Menurut Nadiem, penyaluran dana BOS jadi lebih fleksibel karena kepala sekolah bisa lebih leluasa untuk mengalokasikan BOS bagi tenaga honorer.

“Kebijakan ini ditujukan sebagai langkah pertama untuk meningkatan kesejahteraan guru-guru honorer dan juga untuk tenaga kependidikan. Porsinya hingga 50 persen,” ucap Nadiem dalam konferensi pers di Kementerian Keuangan, Senin (10/2/2020).

Nadiem menjelaskan banyak sekolah yang mayoritas pengajarnya adalah guru honorer. Ia bilang selama ini aturan pemerintah tidak banyak melihat kebutuhan alokasinya dengan benar, padahal sekolah lebih paham kebutuhan dirinya sendiri.

“Banyak guru honorer yang mengabdi itu tidak bisa mendapatkan penghasilan yang layak karena tidak ada kebebasan untuk menggunakan dana BOS,” ucap Nadiem.

Ketika ditanya apakah perubahan skema anggaran itu bisa meningkatkan kualitas Pendidikan, Nadiem membalikan pertanyaan itu ke wartawan. Ia mempertanyakan apakah kualitas pembelajaran masih relevan bila ada daerah yang miskin dan mayoritas guru honorernya di bawah sejahtera dan bahkan digaji lebih rendah dari UMR.

Menurut Nadiem, kebijakan baru ini lebih memberi kepastian agar kepala sekolah bisa lebih leluasa mengambil keputusan yang terbaik buat sekolahnya.

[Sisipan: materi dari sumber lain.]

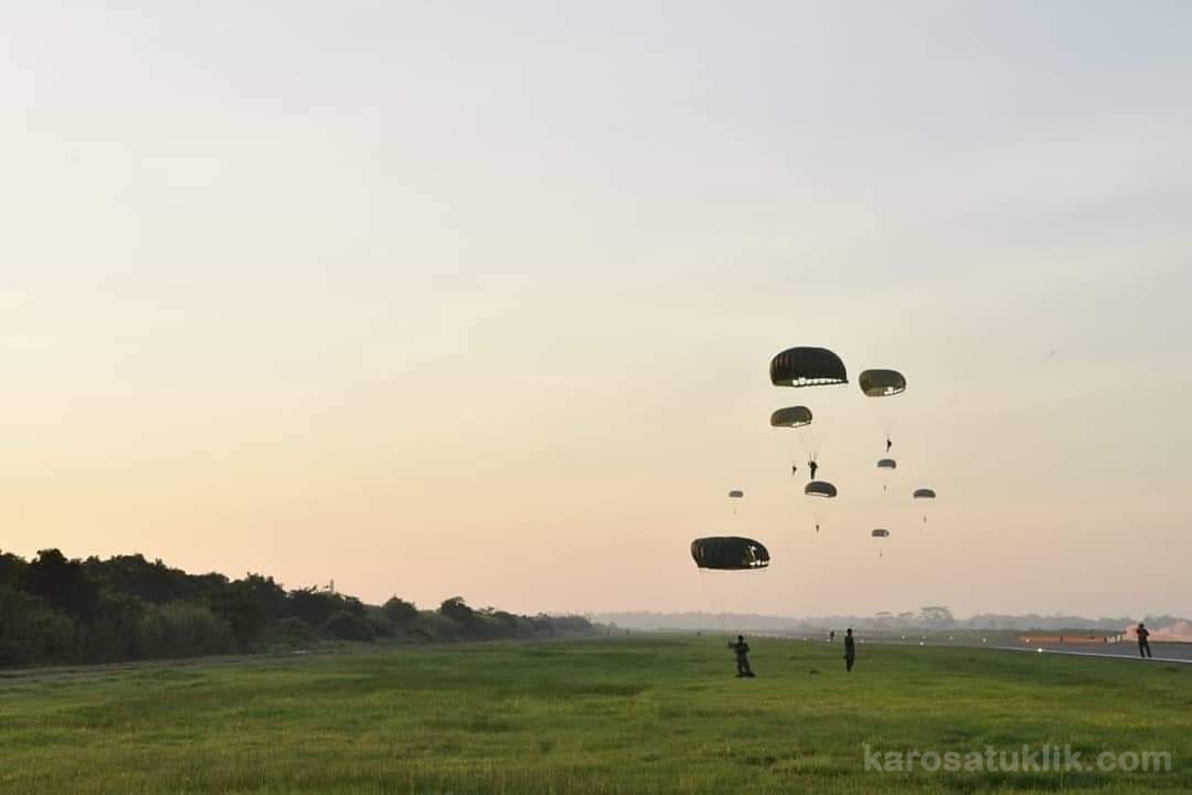 Menggunakan pesawat C-130 Herkules bernomor registrasi A-1321 dari Skadron Udara 31, sejumlah 104 prajurit baret jingga tersebut dibagi menjadi 2 sortie untuk melakukan penerjunan statik dan free fall.

“Kalau guru dalam kondisi stres, tidak diapresiasi, kesulitan dan kebutuhan sangat minim dan transportasi, tidak akan terjadi peningkatan pembelajaran. Kalau dalam sekolah guru-guru susah beli makan, gimana pembelajaran terjadi?” ucap Nadiem.

Selain persoalan honorer, Nadiem juga menyinggung masalah keterlambatan masuknya dana BOS. Ia bilang pemerintah ingin memperbaiki sisi ini juga sehingga dana BOS bisa lebih efektif menjangkau sekolah.

Selama ini ia kerap mendapat laporan ada sekolah yang tidak menerima BOS hingga 3 bulan. Saat itu kepala sekolah ada yang terpaksa menalangi biaya operasional sekolah, menggadaikan barang, sampai meminjam dari wali murid.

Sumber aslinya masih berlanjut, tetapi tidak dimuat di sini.